At least 18 people have been killed and hundreds injured,
media reports say.
Dozens of people are feared trapped in the rubble of
collapsed buildings. The quake on Thursday killed nine
people.Roads have been damaged and big landslides have been
reported over a wide area. Some 200,000 households are
now without power.
There are fears that forecast rain could set off more
mudslides.
Collapsed dam
The extra troops are being sent to Kyushu to help police and
firefighters. "We are making every effort to respond," Chief
Cabinet Secretary Yoshihide Suga said.
The second quake - which was at a depth of 10km (six miles)
near Kumamoto - was much bigger and hit a wider area than
the one that struck the city of Kumamoto on Thursday night.
Kumamoto prefectural official Tomoyuki Tanaka told AP that
the death toll was climbing by the hour.
Thousands of people spent the night on the streets and in
parks - where they were huddled under blankets looking
dazed and afraid.
There are many reports of people trapped inside buildings,
including at least 60 inside an old people's home.
One village has been evacuated after a dam collapsed as a
result of the quake, public broadcaster NHK says.
Japan's nuclear authority said the Sendai nuclear plant was
not damaged.
A small eruption occurred at Mt Aso following the tremor,
media reports say.
Gavin Hayes, a research geophysicist with the US Geological
Survey (USGS) in Colorado, told the BBC the latest
earthquake would hamper the earlier rescue operation that
was already under way.
He said more damage could be expected as the earthquake
had been shallower and the fault-line had been much
longer.
"The ground surface would have moved in the region of
4-5m (yards).
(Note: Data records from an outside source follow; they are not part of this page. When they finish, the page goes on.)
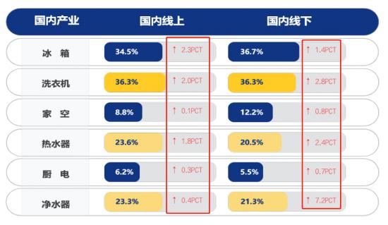其中冰箱、洗衣機線上市場份額分別提升2.3、2.0個百分點,是第二名的3.1、2.1倍,線下市場份額分別提升1.4、2.8個百分點,是第二名的2.2、2.2倍。
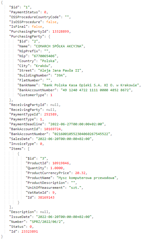 Możliwe jest także pobranie danych dotyczących określonego dokumentu faktury sprzedaży:
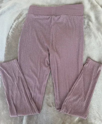 Light pink pants with sparkly stripes. Fit like leggings. Slightly see through, okay with neutral co... Show more
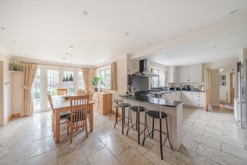 A superb family home set on a private road and within walking distance of Effingham Junction station. The property has been very well maintained and extended with plenty of accommodation including a fabulous all-in-one kitchen, breakfast and family room with bi-folds leading onto the terrace and garden.
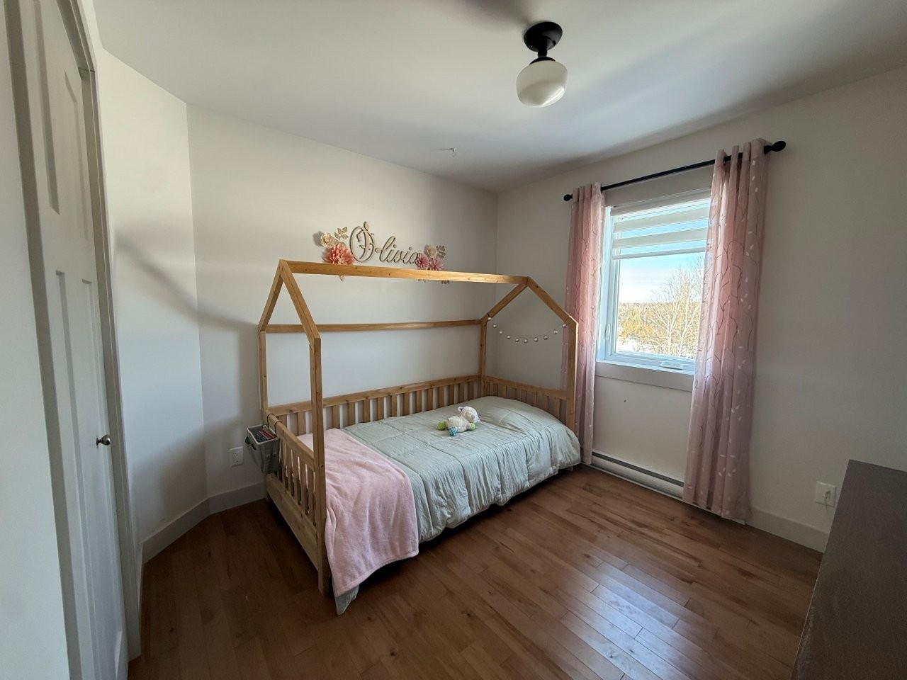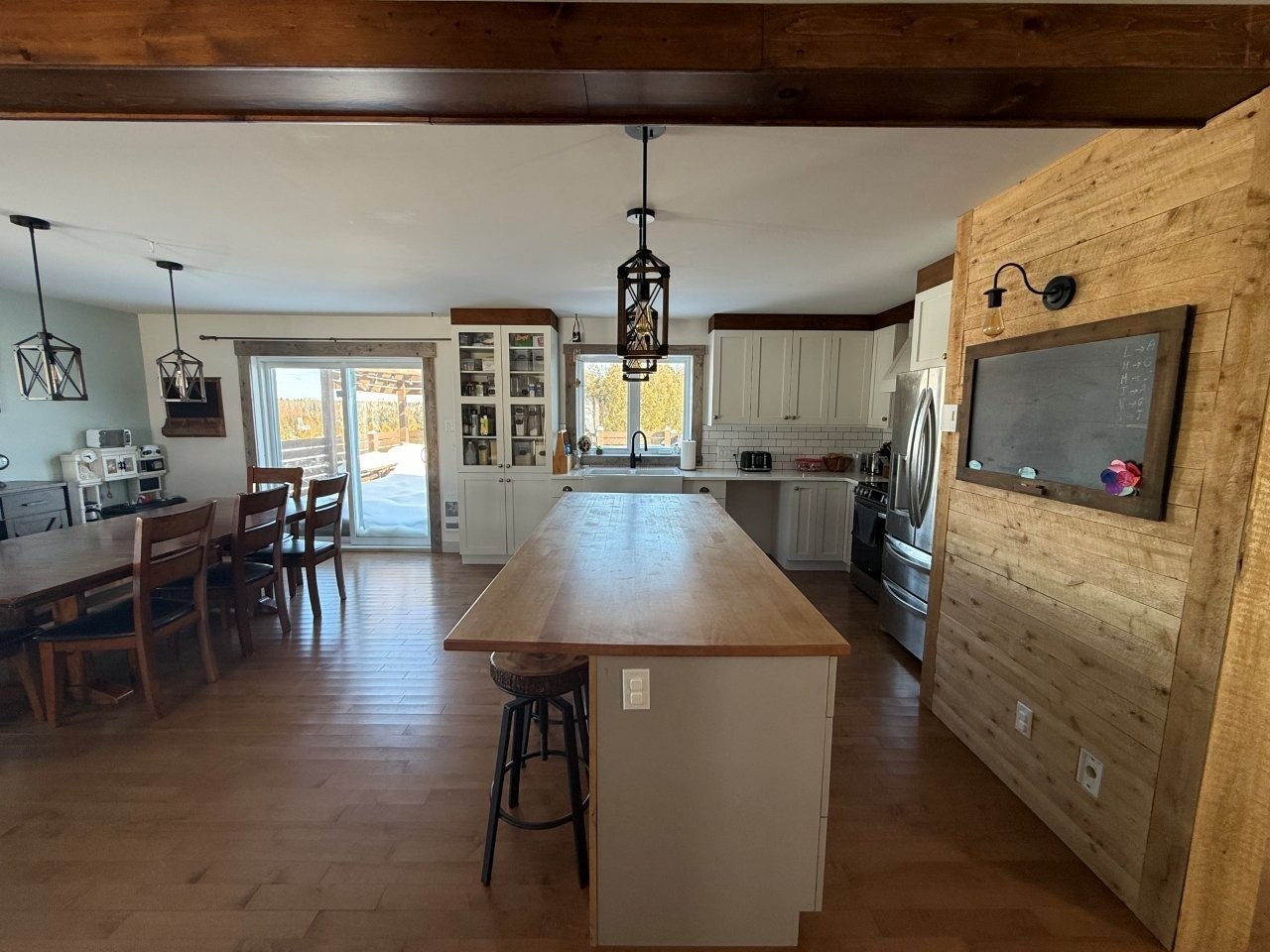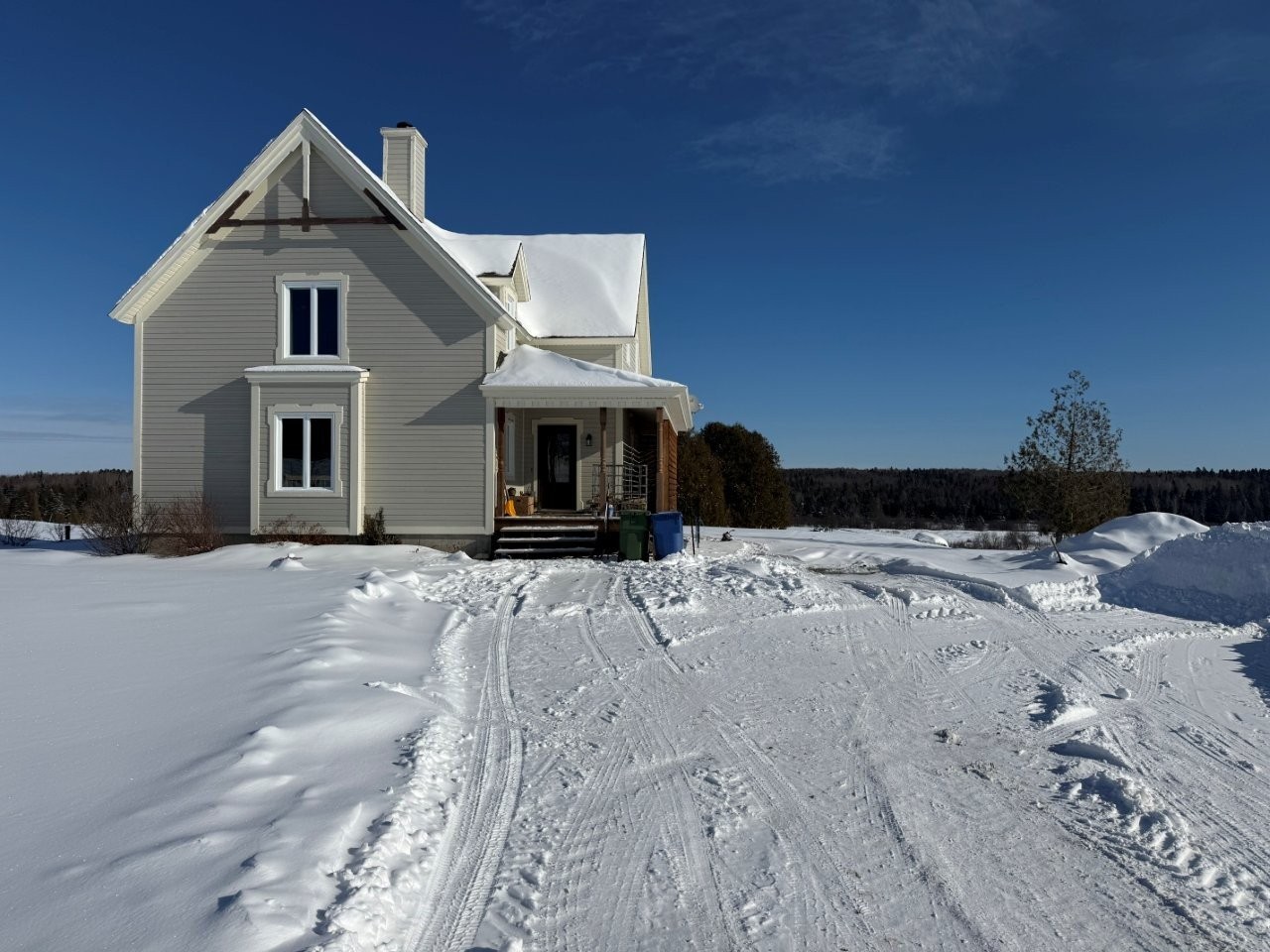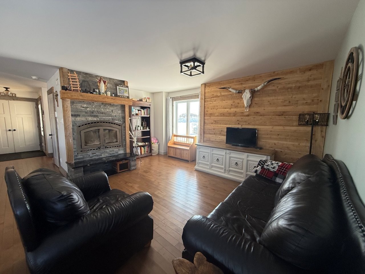 La maison, construite en 2017, propose une aire de vie conviviale et lumineuse. La cuisine se démarque par ses comptoirs de quartz, son îlot en bois et son aménagement pratique. Le salon, doté d’un foyer au bois, crée une atmosphère chaleureuse. Le sous-sol partiellement aménagé, avec entrée extérieure, comprend un bureau déjà équipé pour être facilement converti en deuxième salle de bain. Une thermopompe murale assure le confort en toute saison, tandis que la salle de bain principale est munie d’une douche indépendante et d’un joli bain sur pattes.
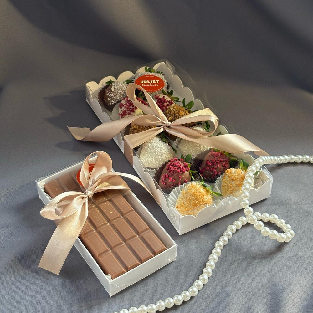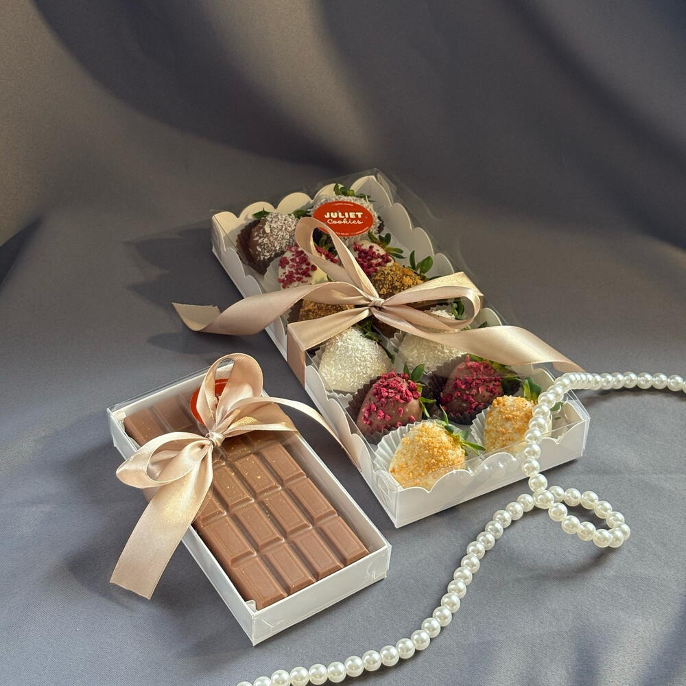 Комбо из самых вкусных десертов: дубайской плитки шоколада и клубники в шоколаде. Дубайская плитка выполнена в фирменном исполнении, с добавлением в начинку фисташковой пасты и белого шоколада. Клубника идет с двумя видами шоколада: 6 в молочном, 6 в белом. Она украшена вкусными хрустяшками и сублимированной ягодой, что усиливает вкус данного десерта. К тому же такой набор выгоднее. Мы будем рады видеть его исполнить индивидуально для Вас🫶
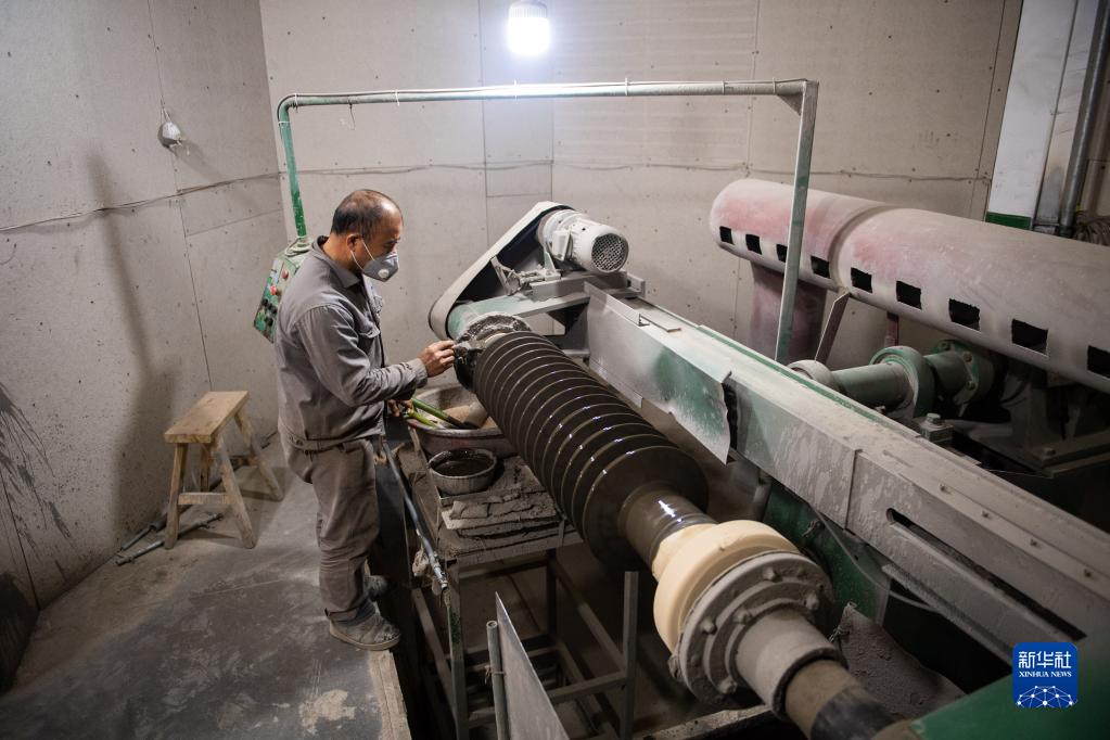 2月22日,在位于醴陵市的湖南陽(yáng)東電瓷電氣股份有限公司生產(chǎn)車(chē)間,工作人員給瓷絕緣子上釉。
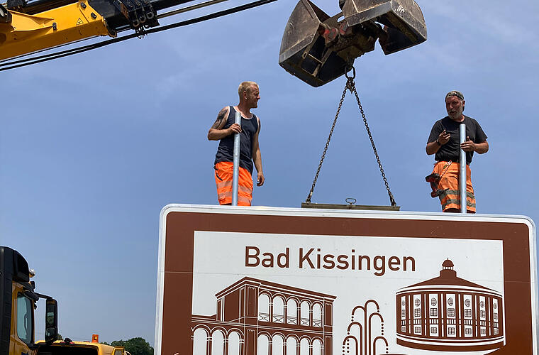 Insgesamt hat die Stadt Bad Kissingen vier Schilder vor den Ausfahrten nach Bad Kissingen auf den Bundesautobahnen A7 und A 71 aufstellen lassen.
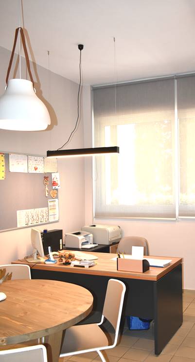 Οι χώροι Διοίκησης σε ένα Εκπαιδευτικό Ίδρυμα αντιμετωπίζονται με διπλές παραμέτρους: από τη μία πρόκειται για χώρους όπου η κύρια λειτουργία τους αφορά γραφεία εργασίας, αλλά συγχρόνως ανήκουν σε έναν εκπαιδευτικό χώρο. Αυτό πρακτικά σημαίνει ότι θέλουμε να έχουμε ένα αποτέλεσμα που να συνδυάζει και τη σωστή λειτουργία του χώρου, αλλά συγχρόνως να παρέχει και ένα αίσθημα ηρεμίας & οικειότητας στα παιδιά, χωρίς να καταφύγουμε σε λύσεις απλοϊκές σε αυτό που ορίζουμε ‘φιλικό προς τα παιδιά’.
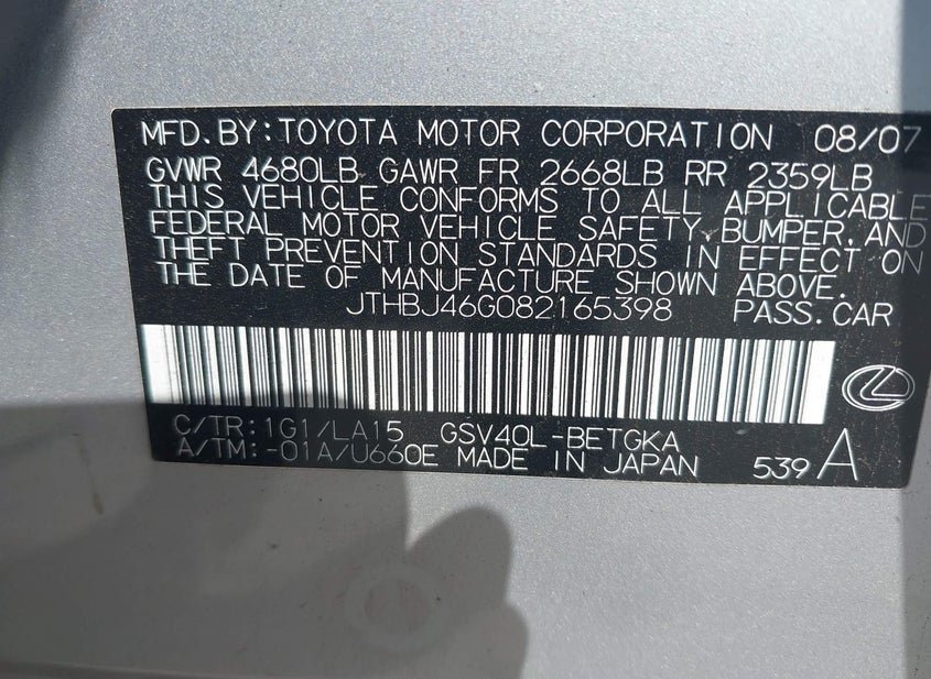 - VIN: JTHBJ46G082165398

So, you are talking very intense shaking over
quite a large area. And that's why we'll probably see a
significant impact from this event."
Thursday's magnitude-6.2 quake caused shaking at some
places as intense as the huge earthquake that hit the country
in 2011, Japan's seismology office said.
The 2011 quake sparked a huge tsunami and nuclear
meltdown at the Fukushima power plant.
Most of those who died in Thursday's quake were in the
town of Mashiki where an apartment building collapsed and
many houses were damaged. More than 1,000 people were
injured.
Some 40,000 people initially fled their homes, with many of
those closest to the epicentre spending the night outside, as
more than 130 aftershocks had hit the area.